Aquaculture Africa 2021

March 25 - 28, 2022

Alexandria, Egypt

A SUCCESSFUL AQUACULTURE MODEL WITH SOCIAL RESPONSIBILITY IN AFRICA

Naga Murali CH1, Rajiv Banerjee2, Akshay Kumar Singh3

 

Fish & Feeds Ltd

P.O Box No: 24

Sogakope, Volta Region , Ghana

chnmurali@gmail.com

 



 There was so much research done, studies conducted, model farm demonstration done to encourage the Sub-Saharan, east, middle, west & south African farmers to venture into aquaculture so that they can feed their nations. But unfortunately, most of the farming models are high capital intensive, highly technical and finally producing fish at high cost of production. W e, as a responsible Danish seafood trading company have tried to demonstrate a model farming  in Ghana  which produces fish with basic technology, hormone free, with balanced nutrition, creating more jobs.

 Cage culture in Ghana has been facing lot of issues from organized theft, high mortalities due to streptococcus, ISKNV etc. It  is mostly like “cage culture is lacking both security and biosecurity safety in Ghana” . At that critical situation we have invested in commercial pond farming with 2-tier system of Nursery (20% area out 1 Ha) and Grow-out (80% area out of 1 Ha) and we stocked 1 g size sex reversed fingerlings in nursery, grown them for 90 days where they have reached 90-100 g size and then transferred to grow-out  ponds  and grown them there for another 90-120 days. Overall, we have maximized  output  3 times from a unit area. We produce 30 tons/Ha/year with an accessory aeration of 3-5 Hours in a day (2 AM to 7 AM). Effective harvest size is 400-450 g with 98-100% survival in Grow-out and 60-70% in Nursery Pond.

 After ISKNV has hit Ghana in 2019 with severe mortality, we have faced mortality in nursery ponds almost loosing 90% in some of the nursery ponds, but our grow-outs were not affected which still maintained 98-100% survival. We have used some organic products, stopped hormone usage since hormone usage suppresses immunity and we have applied Darwin theory of survival for fittest at nursery stages achieving 40-50% survival compared to 5-10% survival in other farms,  and  achieved 100% survival  in grow-out  consistently in our farm. We give  a  maximum time of 90-120 days for fish to breed in grow-out culture where the fingerlings can attain a maximum size of 10 g by the time of harvest and that fish will be distributed to village people either for free or  for nominal price.

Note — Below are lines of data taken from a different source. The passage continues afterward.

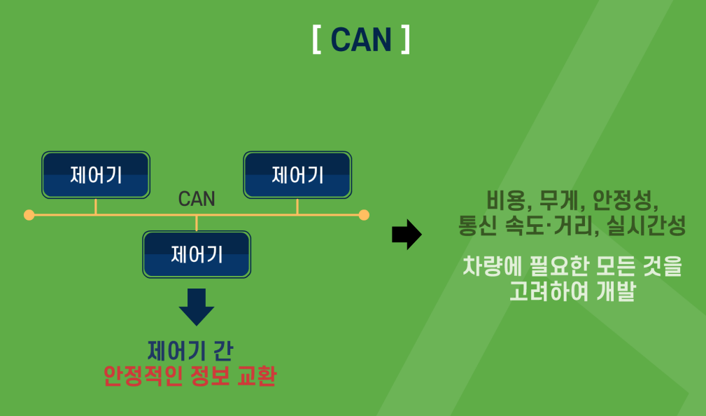- 제어기의 추가/제거 간편 + 차량 내 효율적 정보 공유 + 새로운 기능 적용 용이
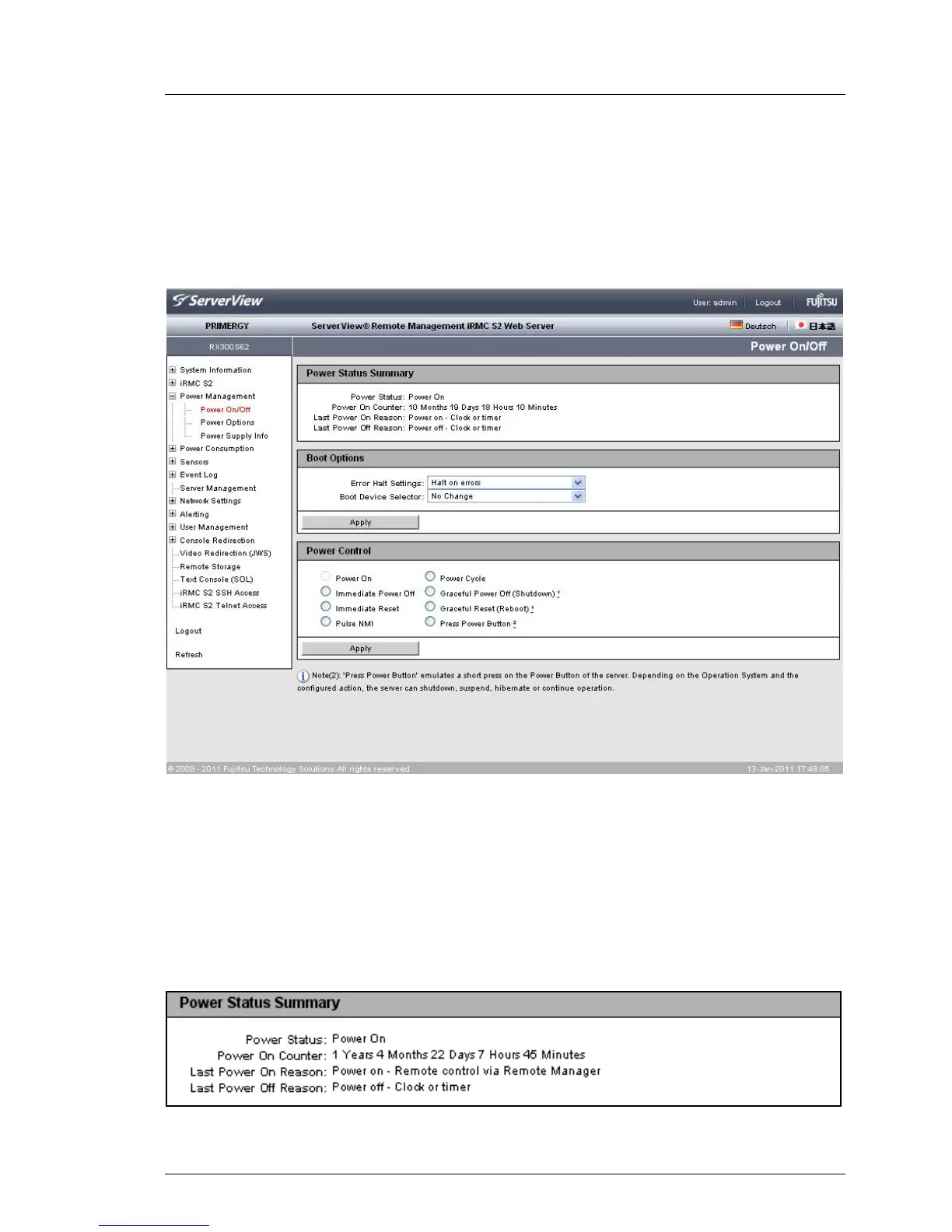 Figure 100: Power On/Off page - Power Status Summary
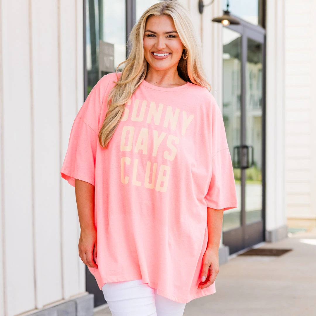 Always Blooming Boyfriend Tee, Neon Coral Pink
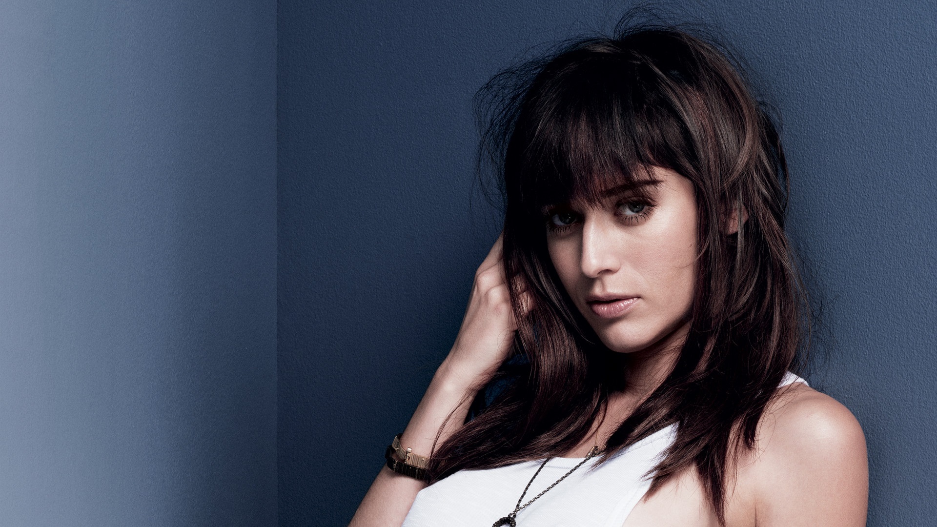Description: A woman with long hair posing for a picture with her hand on her head and a necklace on her neck.

 Overall, we achieved lowest FCR, lowest cost of production, low carbon footprint, low Nitrogen emission, low phosphate emission by having control on feed and  by  substituting formulated feeds with natural food (plankton). Our laborious method of harvest makes theft impossible, even it happens that will be negligible quantity.

 We are marching towards export of whole round tilapia to regional markets in Africa and fresh frozen tilapia fillet to rest of the western world at a on par price match with Asian products. The numbers, graphs, and technical data will be presented in full version of the paper.